Exploring Named Entity Recognition Potential and the Value of Tailored Natural Language Processing Pipelines for Radiology, Pathology, and Progress Notes in Clinical Decision Support: Quantitative Study.

Background: Clinical notes house rich, yet unstructured, patient data, making analysis challenging due to medical jargon, abbreviations, and synonyms causing ambiguity. This complicates real-time extraction for decision support tools.

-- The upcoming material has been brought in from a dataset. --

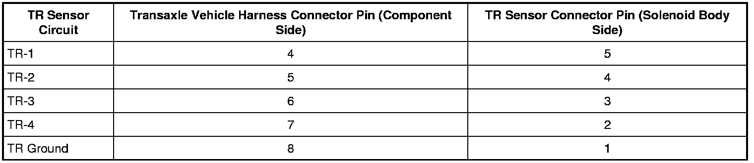 NOTE: Refer to the Transmission Range (TR) Sensor Connector illustration Transaxle Connector Layouts Symptom Related Diagnostic Procedures.

Objective: This study aimed to examine the data curation, technology, and workflow of the named entity recognition (NER) pipeline, a component of a broader clinical decision support tool that identifies key entities using NER models and classifies these entities as present or absent in the patient through an NER assertion model.

Methods: We gathered progress care, radiology, and pathology notes from 5000 patients, dividing them into 5 batches of 1000 patients each. Metrics such as notes and reports per patient, sentence count, token size, runtime, central processing unit, and memory use were measured per note type. We also evaluated the precision of the NER outputs and then the precision and recall of NER assertion models against manual annotations by a clinical expert.

Results: Using Spark natural language processing clinical pretrained NER models on 138,250 clinical notes, we observed excellent NER precision, with a peak in procedures at 0.989 (95% CI 0.977-1.000) and an accuracy in the assertion model of 0.889 (95% CI 0.856-0.922). Our analysis highlighted long-tail distributions in notes per patient, note length, and entity density. Progress care notes had notably more entities per sentence than radiology and pathology notes, showing 4-fold and 16-fold differences, respectively.

Conclusions: Further research should explore the analysis of clinical notes beyond the scope of our study, including discharge summaries and psychiatric evaluation notes. Recognizing the unique linguistic characteristics of different note types underscores the importance of developing specialized NER models or natural language processing pipeline setups tailored to each type. By doing so, we can enhance their performance across a more diverse range of clinical scenarios.